Ten months later, Federer hasn’t won another slam. If he doesn’t win the U.S. Open, I suspect he can’t finish the year #1 in the rankings. Since January, Santino has been telling me that he thought Federer was done, that 26 is the wall in tennis, and that Federer would be lucky to tie Sampras’s 14 slam wins. I scoffed, but now that seems about right.

I don’t like making bold predictions about things like this because I usually turn out to be wrong (and, now that I’ve claimed credit for the thought, Federer will almost certainly win the next 8 majors, making me look exceptionally foolish). But I have been saying the same thing since Federer’s disappointing turn at the Aussie Open this year, and I might as well go on the record with it: Federer is done.

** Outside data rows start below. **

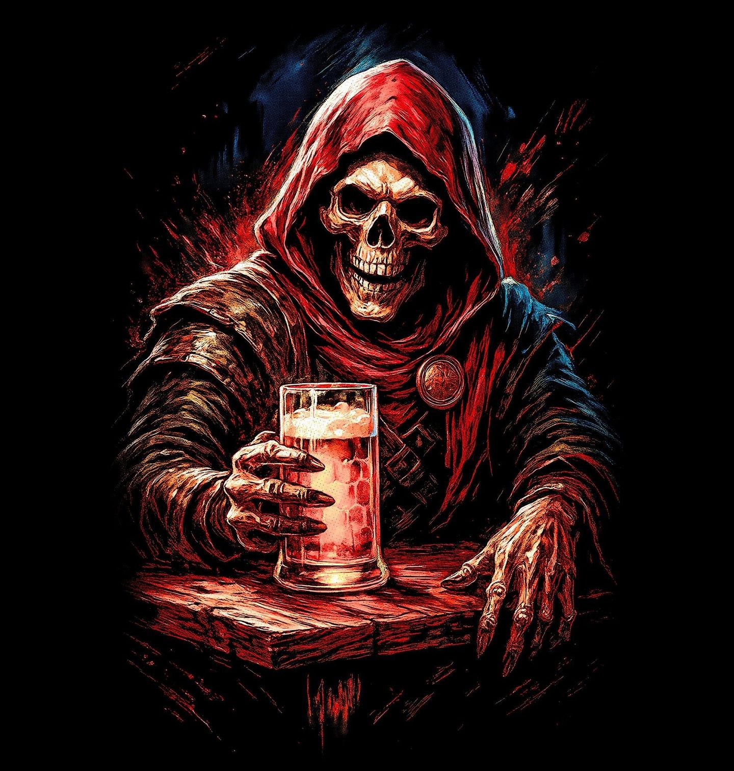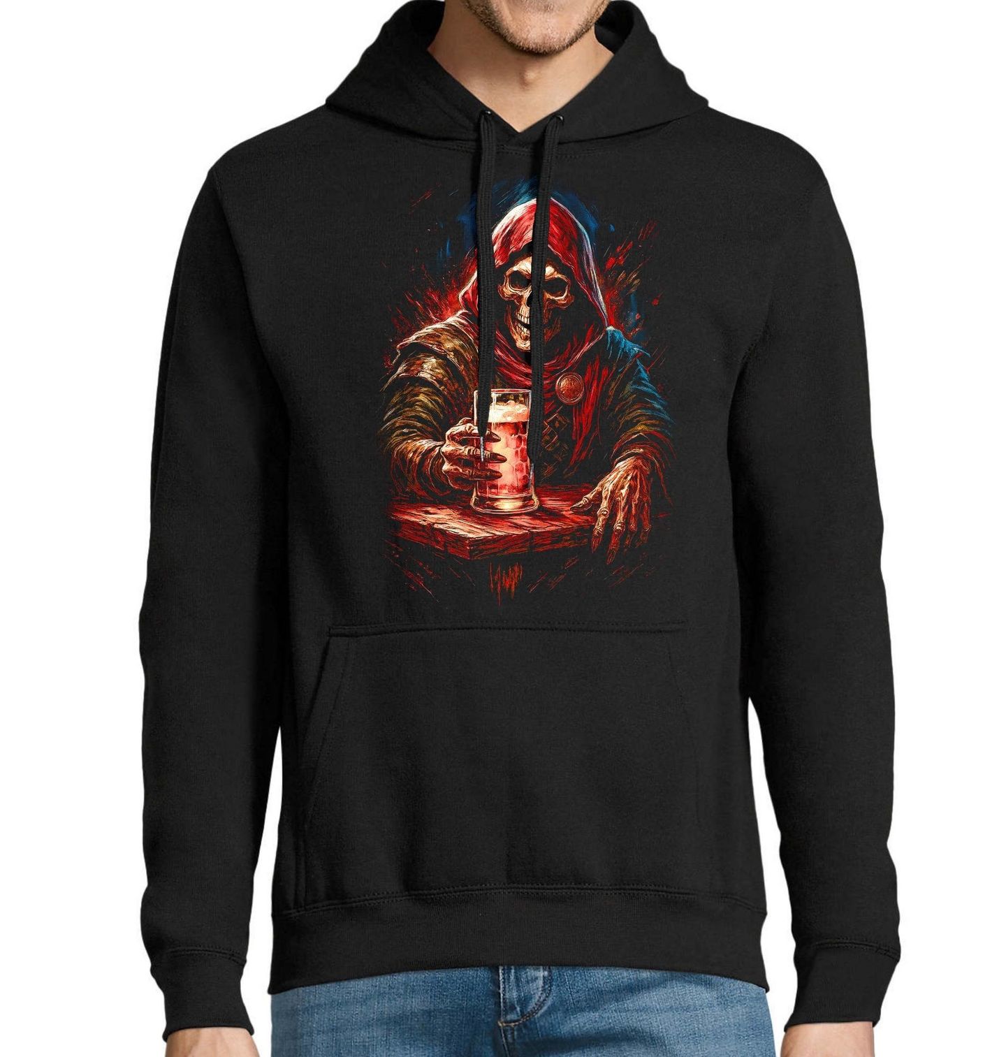 Pánská mikina Hospodský Kostlivec. Detailně zpracovaný kostlivec v kapuci působí jako tajemný host z jiného světa, který si i po smrti dokáže vychutnat dobré pivo. Ideální volba pro fanoušky temného stylu, rockové estetiky i pro ty, kdo berou život s nadhledem a humorem. Tento design kombinuje humor, nadhled i lehce morbidní atmosféru, která zaujme každého milovníka originálních motivů.
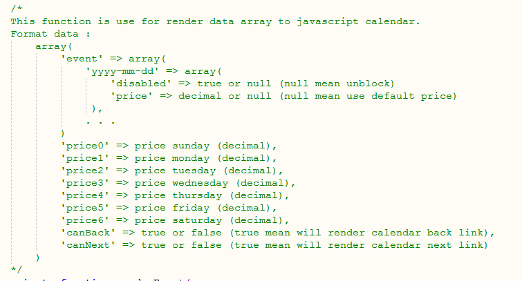 We use data array for rendering data price and blocking in calendar. Format array data is like below :
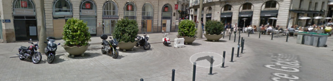 Place Graslin. Qui occupe le plus de place ? Les terrasses de café, les poubelles ... ou les deux-roues motorisés ?
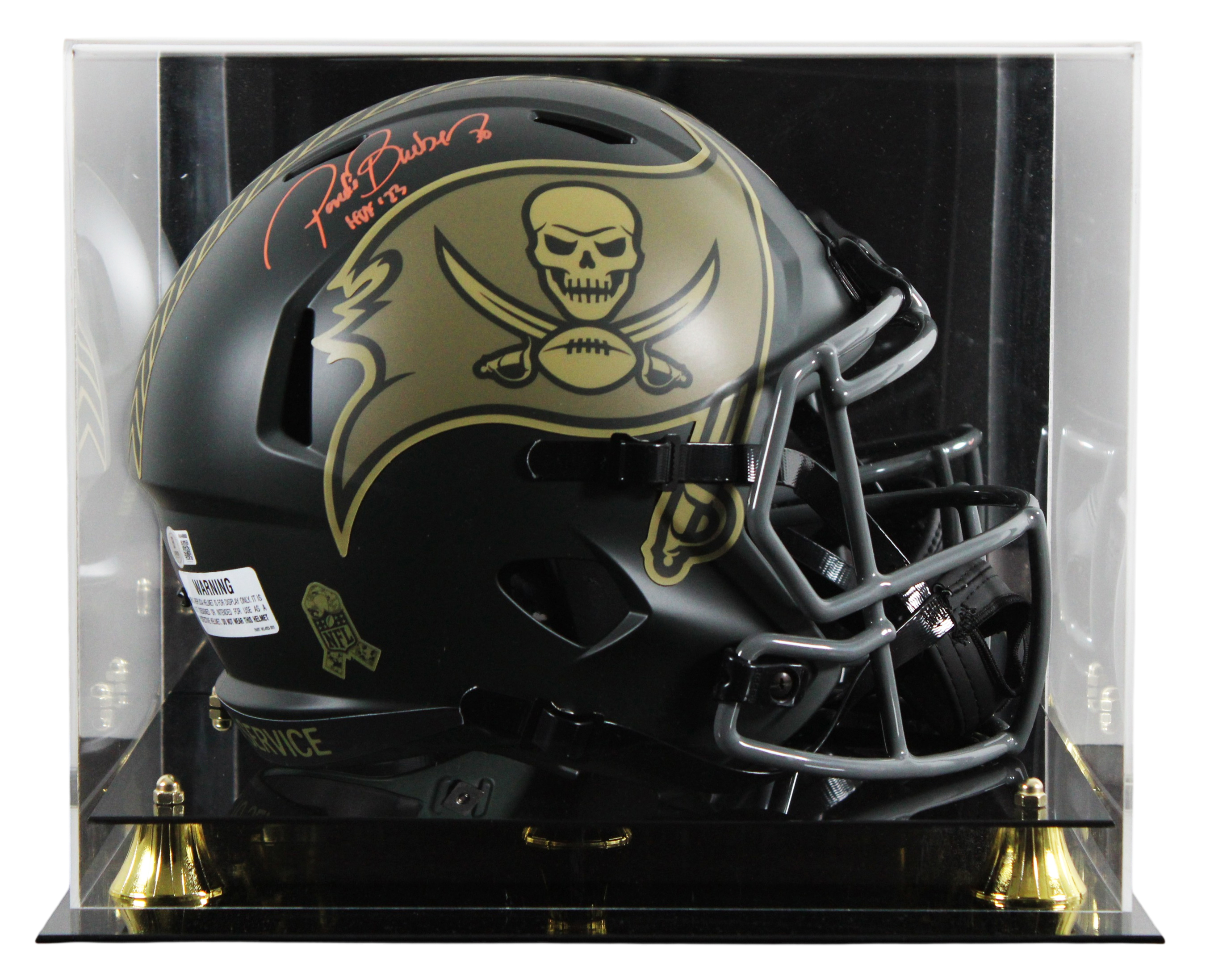 This Autographed Alternate 2025 Salute To Service IV Riddell Full Size Speed Rep Helmet W/ Uv Mirrored Back Acrylic Display Case with the inscription of "HOF 23" has been Personally Signed by Ronde Barber of the Tampa Bay Buccaneers. This item is 100% Authentic to include a hologram by Beckett Authentication Services. This item will come with an affixed Beckett Authentication Services (BAS) authentication sticker, which includes a scannable QR code to verify authenticity. Please note that Beckett no longer provides serial-numbered COA cards, and the attached BAS sticker will serve as the complete authentication for this item. This is a BAS Witnessed Protection Program item which means a Beckett Authentication Service representative was present when this item was being signed. We conducted an autograph signing with Ronde Barber where multiples of the same item were signed. While the photographs are representative of this item, the size, placement and strength of the signature may vary. Each item is hand signed, therefore, each autograph is unique. This item can be verified through BAS Witnessed.

Now, with a player of Federer’s undeniably amazing talent, done is a relative term; when I say “done” I mean he’ll probably win two or three more majors but he’ll never dominate the game like he did for the four seasons prior to this one, four seasons in which he won 11 of the 16 major tournaments. Neither Borg nor Sampras at their most dominant averaged 2 majors a year over their best four seasons. In the open era, no one has dominated the game like Federer and it’s unlikely anyone will again.

“Anyone” includes Roger Federer. Blinded by the last five seasons of brilliance, people forget that at one point Federer was a monumental talent and a headcase. You could see the raw game but he was clearly in over his head emotionally. And then, one day in 2004, everything clicked: Federer transformed from a very good player to an unstoppable force. It was more mental than anything else. Federer was the best player on the planet, and he knew it…even worse, he was the best player on the planet and YOU knew it while you were playing him. If it wasn’t for Rafael Nadal’s emergence as the preeminent clay court player of the last 30 years, Federer would have almost certainly completed two consecutive single year grand slams. He was simply that good.

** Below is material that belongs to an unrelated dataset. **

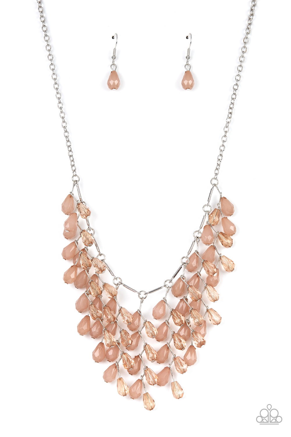 A shimmery collection of opaque and clear crystal-like brown teardrop beads delicately cluster along a linked strand of silver bars, creating an ethereally leafy fringe below the collar. Features an adjustable clasp closure.
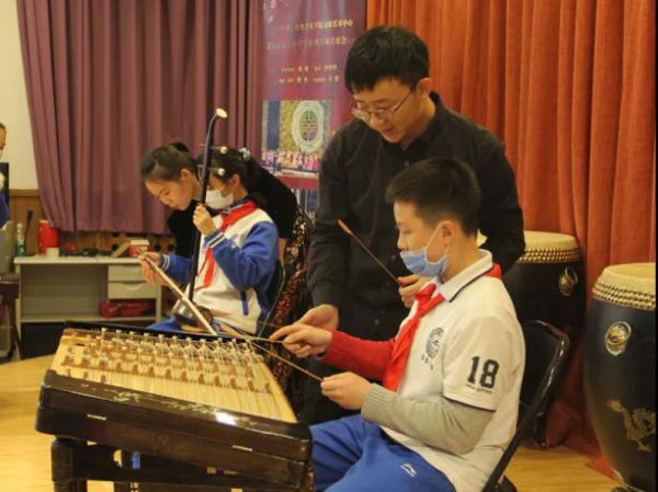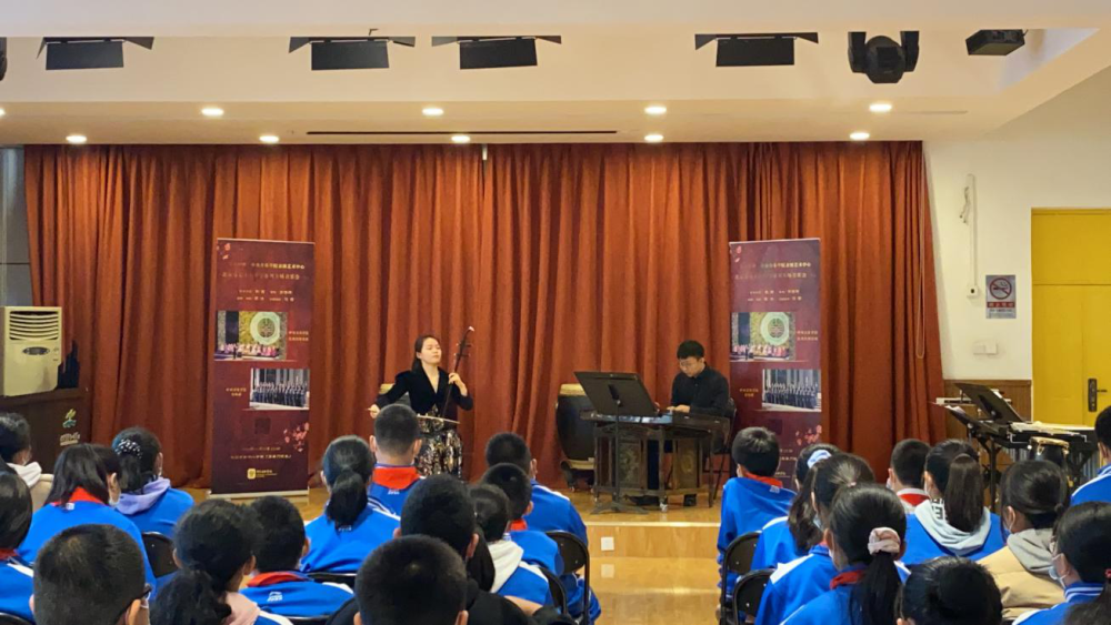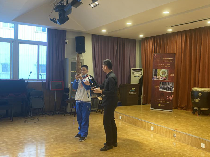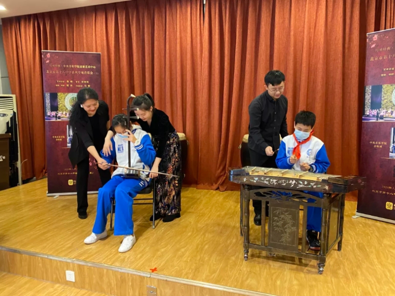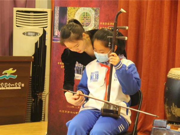 二胡演奏员周艺妮、扬琴演奏员朱江阳与学生互动,一对一教授二胡与扬琴的基本演奏技巧。

But he isn’t any more. It’s not something that you can put a finger on–there’s no stroke problem you can point to, no glaring flaw. Watching some of the shots he hit during yesterday’s match reminded me that I was watching the best player of the last decade, if not the best player of my lifetime. But something was off. He was dumping shots into the net he would have crushed for winners as little as a year ago. He went 1 for 15 on break chances against Nadal. His service game seemed off, and his return game was ineffective. Even more importantly was his behavior between points: it was subtle, but you could see the fear, see the wall starting to crack, feel the emotions about to pour forth. Federer’s famed mental edge has disappeared.

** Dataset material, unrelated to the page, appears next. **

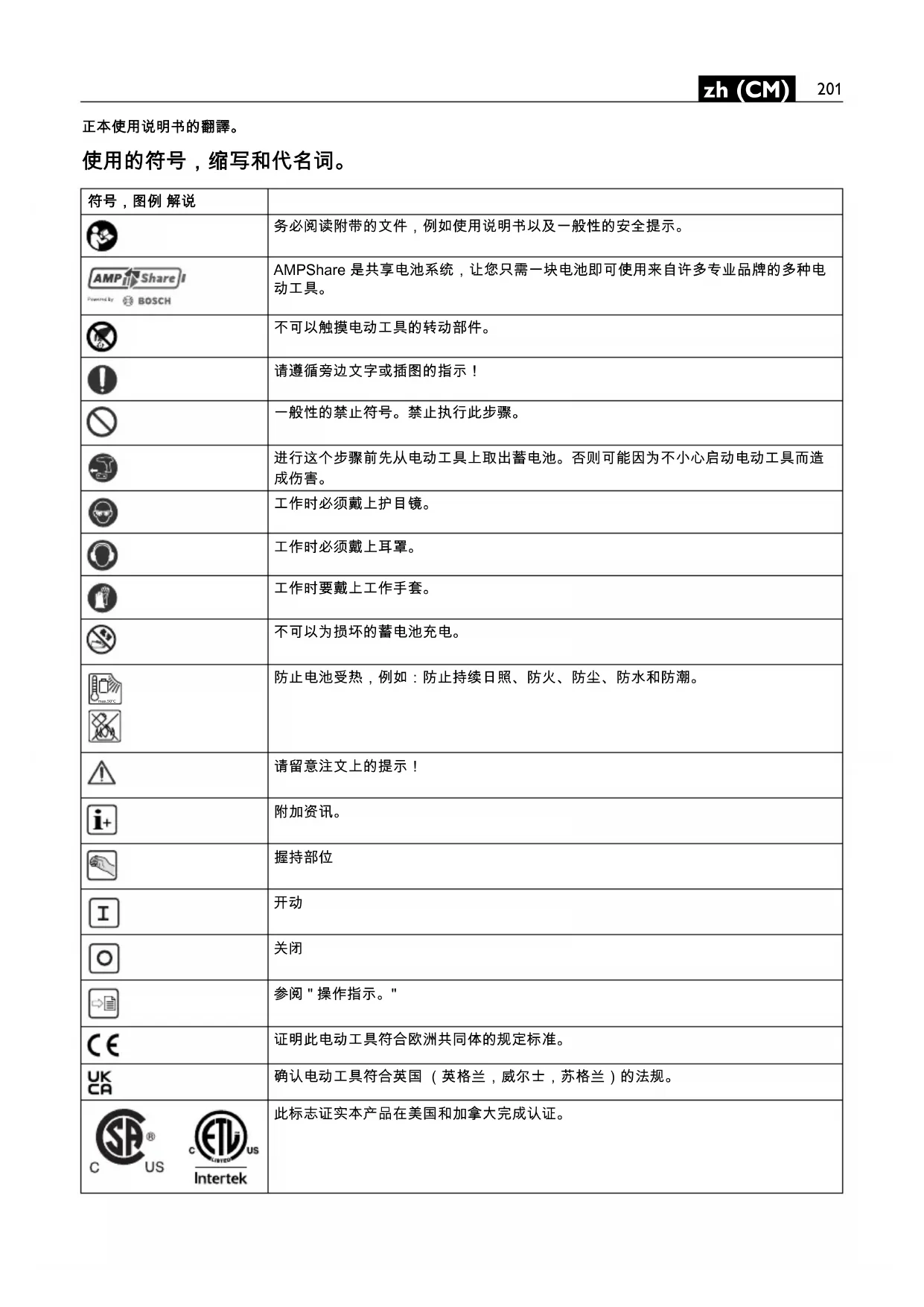 参阅 " 操作指示。" 证明此电动工具符合欧洲共同体的规定标准。 确认电动工具符合英国 (英格兰,威尔士,苏格兰)的法规。 此标志证实本产品在美国和加拿大完成认证。 max.50°C202 zh (CM) 已确认该电动工具符合欧亚关税同盟 (白俄罗斯、俄罗斯、吉尔吉斯斯坦、哈萨克斯 坦和亚美尼亚)的国家技术法规。 本提示指出潜伏的危险状况。它们可能导致严重的伤害甚至造成死亡。 回收图案:标明可以再利用的物料 分开收集损坏的电动工具,电子和电动产品,並且以符合环保要求的方式回收可利用
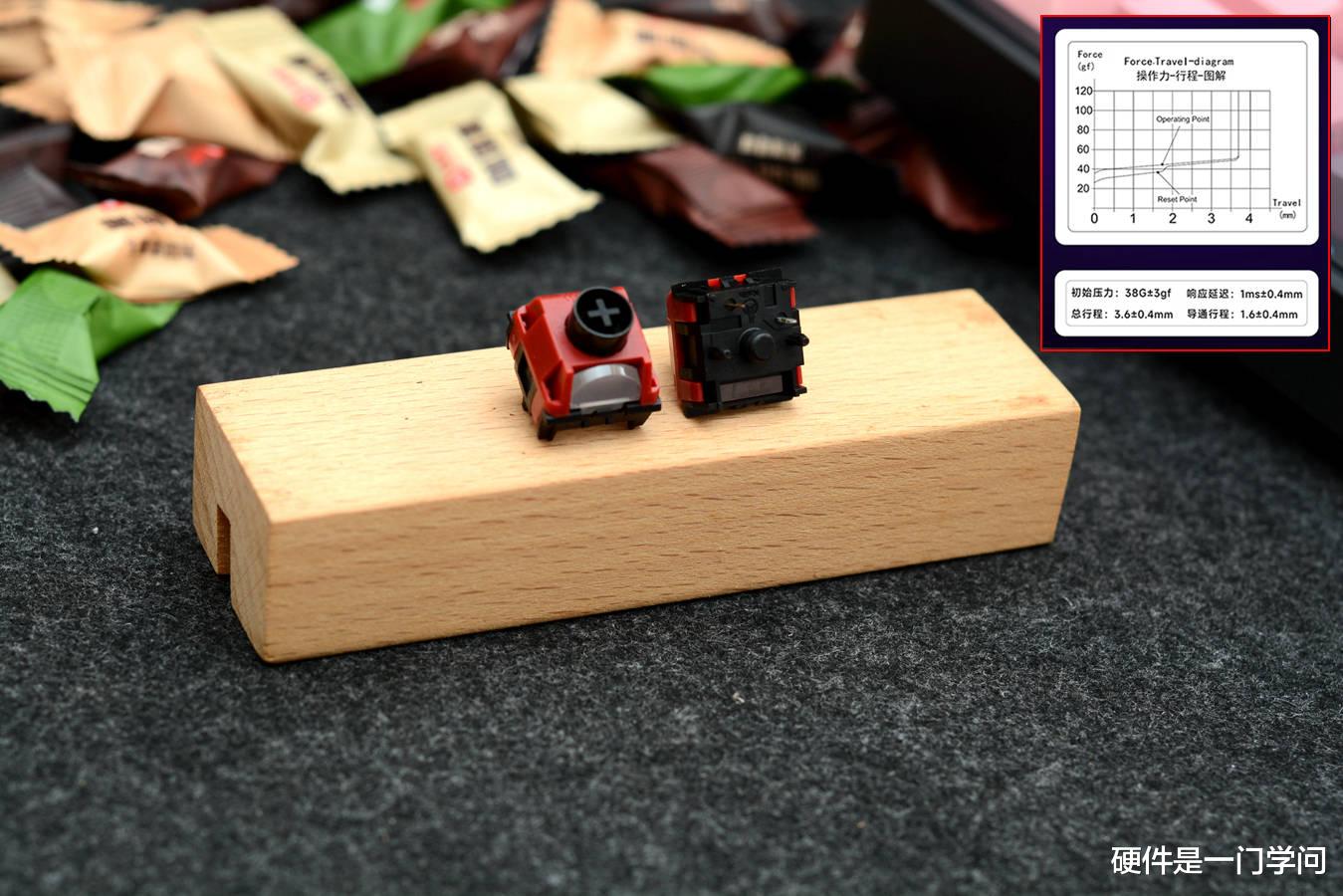 凯华MIX-5红轴采用红色POM上盖、黑色POM轴芯和黑色尼龙底座,以及雾透聚光镜,灯光更柔和均匀一些,底部采用五脚设计。轴体为线性手感,基本参数为38g初始压力,45g触发压力,1ms响应延迟,1.6mm触发行程,3.6mm总键程,设计寿命一亿次。

Nadal used to be the only player consistently able to get under Federer’s skin like that, but several members of the younger set (especially Novak Djokavic) have no fear of the great swiss: they know they can beat him, and he knows they can as well.

But why now? Why this year? I really think age is a large part of it. With a few exceptions, the shelf-life of a top-level tennis player is exceedingly short. Sampras hit his wall at 26: though he’d go on to win four more majors after hitting the big 2-5, three of those were at Wimbledon (on the surface he and he alone dominated for almost the entirety of the ’90s), and the last, at the U.S. Open, came after a two year stretch of early exits and in a tournament where only 3 of the top 16 seeds made it into the quarterfinals. His dominant years were at the age of 21-25. Bjorn Borg’s dominant years: 22-25. John McEnroe’s best years: 22-25. Etc.**

So yeah, I think Federer’s age is a large part of his sudden decline. (It’s a testament to his brilliance that we can call a year with second place finishes at the French and Wimbledon, and a semifinals appearance in the Aussie, a down year.) But let’s not think about that: let’s think about a better time when the champion of Wimbledon wasn’t a capri pants/cutoff t-shirt wearing Spaniard who moans on the court like a reject from the women’s tour. Let’s think about Roger’s time.

*By the way, Bill Simmons: keep your idiotic suggestions to yourself next time, okay?

**Yes, there are exceptions to this rule. See: Andre Agassi, or Ivan Lendl. But it is, generally speaking, one that holds up, especially when we’re talking about special eras of one-player dominance, of which there are only three in the modern era: Borg, Sampras, and Federer.